Light that falls directly above an object (pure overhead) flattens its volumes. All surfaces are illuminated the same way, shadows disappear or concentrate at the foot of the object.

Light that strikes the same object diagonally, that is to say at an angle of between 30° and 60° from the vertical, reveals its volumes. Part of the object is lit, the other part is in shadow, and it is this contrast that gives relief.

This is exactly the principle used by photographers since the beginning. The "Rembrandt light" in portraiture is a 45° diagonal that illuminates one side of the face and plunges the other into soft shadow. In interior design, the same logic is applied to furniture, objects and textured walls.

The diagonal light rule · diagram
Formula to remember

Angle between 30° and 60° from the vertical

Pure vertical flattens, near-horizontal dramatises. 45° reveals.

§ 02Putting it into practice

To enhance a sofa. Place an articulated floor lamp 1 metre from the sofa, to the side, at shoulder height or slightly higher. The light comes diagonally, illuminates the sofa at an angle, and makes it appear "sculpted". Reference brands: Anglepoise, Tala Voronoi, Vibia Pin.

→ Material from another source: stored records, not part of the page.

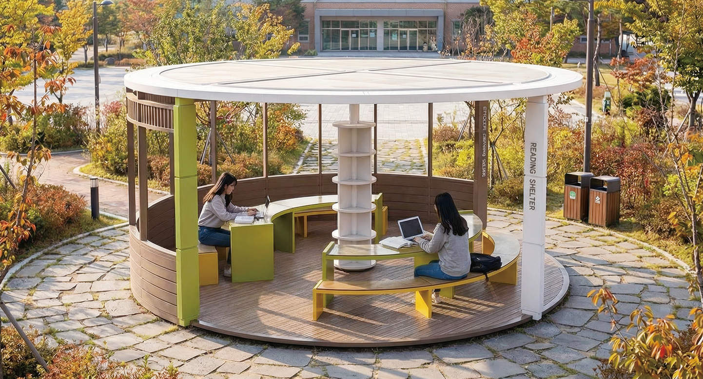 라운드 호라이즌 아고라(ROUND HORIZON AGORA)|DAUM-P-2760 제품목록으로 바로가기 자료 및 바로가기 나라장터 바로연결 도면 다운로드 시공사진 보러가기 기타 중후한 브라운 톤의 루버와 연속된 커브형 벤치가 안정감을 줍니다. 넓은 공간감과 중앙 집중형 책장 구조를 갖추어 야외 기록관 같은 차분한 분위기를 연출합니다. 제품명 라운드 호라이즌 아고라(ROUND HORIZON AGORA)|DAUM-P-2760 물품식별번호 25939652 규격 7,000 × 7,000 × 3,000(H) 재질 stl, galvanized, hard wood, polycarbonate, hpl 라운드 호라이즌 아고라(ROUND HORIZON AGORA)|DAUM-P-2760 물품식별번호 25939652 규격 7,000 × 7,000 × 3,000(H) 재질 stl, galvanized, hard wood, polycarbonate, hpl 기타 중후한 브라운 톤의 루버와 연속된 커브형 벤치가 안정감을 줍니다. 넓은 공간감과 중앙 집중형 책장 구조를 갖추어 야외 기록관 같은 차분한 분위기를 연출합니다. 자료 및 바로가기 나라장터 바로연결 도면 다운로드 시공사진 보러가기
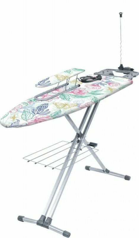 | Функции и возможности | подставка для утюга, регулировка высоты, подрукавник, полка для белья, держатель для вешалок, встроенная розетка, держатель провода |
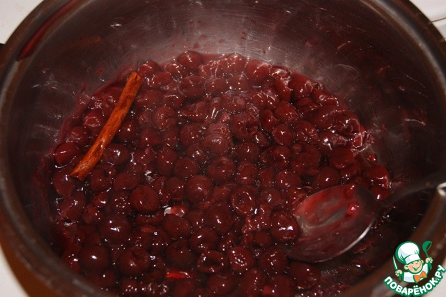 Вишню засыпать 60 г сахара, добавить корицу, поставить на огонь и варить 3-4 мин. Развести крахмал 6 г в 2 ст. л. холодной воды и влить в вишню, варить еще 2-3 мин. до загустения крахмала. Остудить. Корицу удалить.
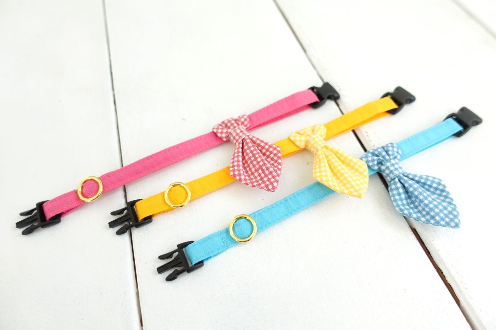 ベーシックなギンガムチェックと無地の首輪をコーディネートしました。
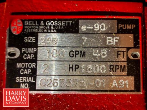 Bell and Gossett Pump, Model: 2A5 with 2 HP 1,800 RPM Motor
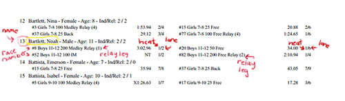 We ask for your help in marking your swimmer up prior to arriving at the meet. Below is a pictorial showing how to mark up your swimmer for their races. On rare occasions a swimmer's lineup may change when they arrive to the meet. The Bullpen parents will update your swimmers markup.
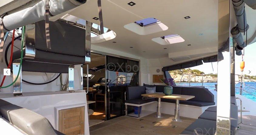Lattage teck pour le cockpit, 2 bossoirs alu laqués blancs sur l'arrière avec la plateforme fixe, les jupes confortables, le cockpit avec sa grande table télescopique et ses grandes banquettes attestent d'une belle finition et promettent un grand confort.
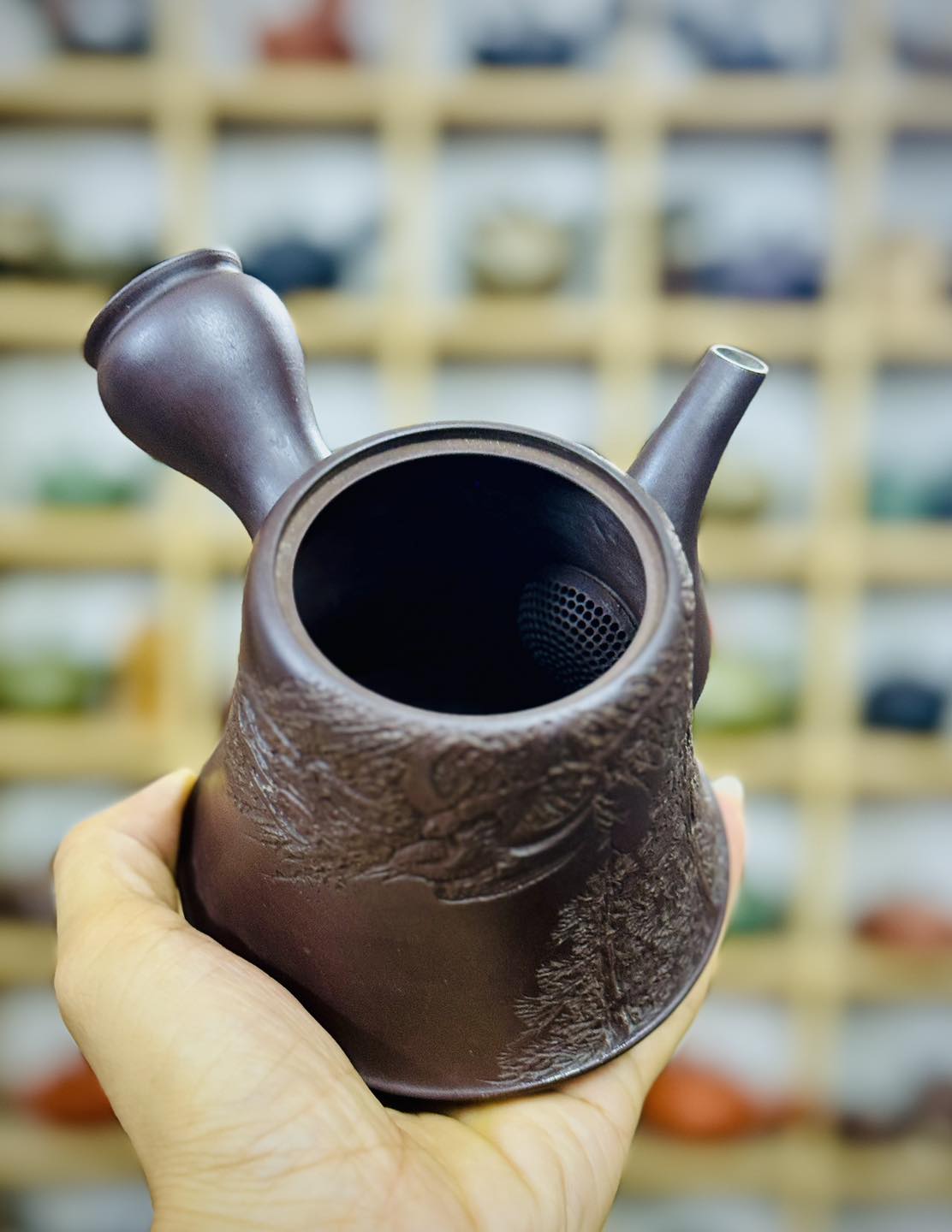 Một chiếc ấm Banko xưa khắc tay cội tùng rất đẹp mời các bác ngắm và sưu tầm ạ

To enhance an isolated armchair. Same logic: floor lamp or table lamp 60-80 cm to one side of the armchair. The face of whoever sits in it will also be flattered by the diagonal (Rembrandt portrait effect).

To reveal a textured wall. Place the sconce at an angle (not facing the wall, but to one side), so the light sweeps it diagonally. This is what distinguishes a flat wall from a "sculpted" one (see also rule 02.3 on grazing light).

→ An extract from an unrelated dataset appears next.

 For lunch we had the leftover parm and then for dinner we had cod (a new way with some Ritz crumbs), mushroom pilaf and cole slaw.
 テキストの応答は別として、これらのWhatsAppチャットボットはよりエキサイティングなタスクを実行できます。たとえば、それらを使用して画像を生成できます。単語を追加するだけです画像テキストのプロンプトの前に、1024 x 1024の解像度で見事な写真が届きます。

To enhance a framed artwork. An adjustable spot on the ceiling, placed at 30-45° to the artwork, gives the best rendering. Directly overhead, the painting appears flat. At horizontal angle, reflections interfere. At 45°, it is right.

The rule that unites all of these: avoid pure overhead light whenever you want to reveal a volume. Reserve overhead for purely functional uses (kitchen, bathroom, hallway).

Do
  • 01Reserve pure overhead light for functional uses
  • 02Place a floor lamp at 45° from the main sofas and armchairs
  • 03Orient spots at 30-45° when lighting an artwork
  • 04Test the diagonal before permanently fixing a floor lamp
Avoid
  • 01Lighting a sofa only from a ceiling light above
  • 02A fixed spot vertically above an isolated armchair
  • 03Aligning all sources at 90° from the floor
  • 04Forgetting that faces also benefit from the diagonal

§ 03Professional variations

Professional photographers and cinematographers define their lights by angle. Frontal light (1990s studio portrait style, flat). Side light (Rembrandt, dramatic). Back light (contre-jour, silhouette). Three-quarter light (45°, versatile, the most used). In interior design, the three-quarter is the best compromise.

Pierre Yovanovitch often integrates articulated floor lamps (Anglepoise, Tala) in his projects, which allow the user to orient the light diagonally themselves. The diagonal is never fixed permanently, it adjusts according to the moment.

A sophisticated technique: doubling the diagonal. Place two floor lamps with opposing diagonals (one on the left, one on the right) to sculpt a central sofa with two crossed flows. Very architectural presence effect, used in hotel lobbies.

In one sentence

A light that strikes at an angle tells more than one that falls straight down.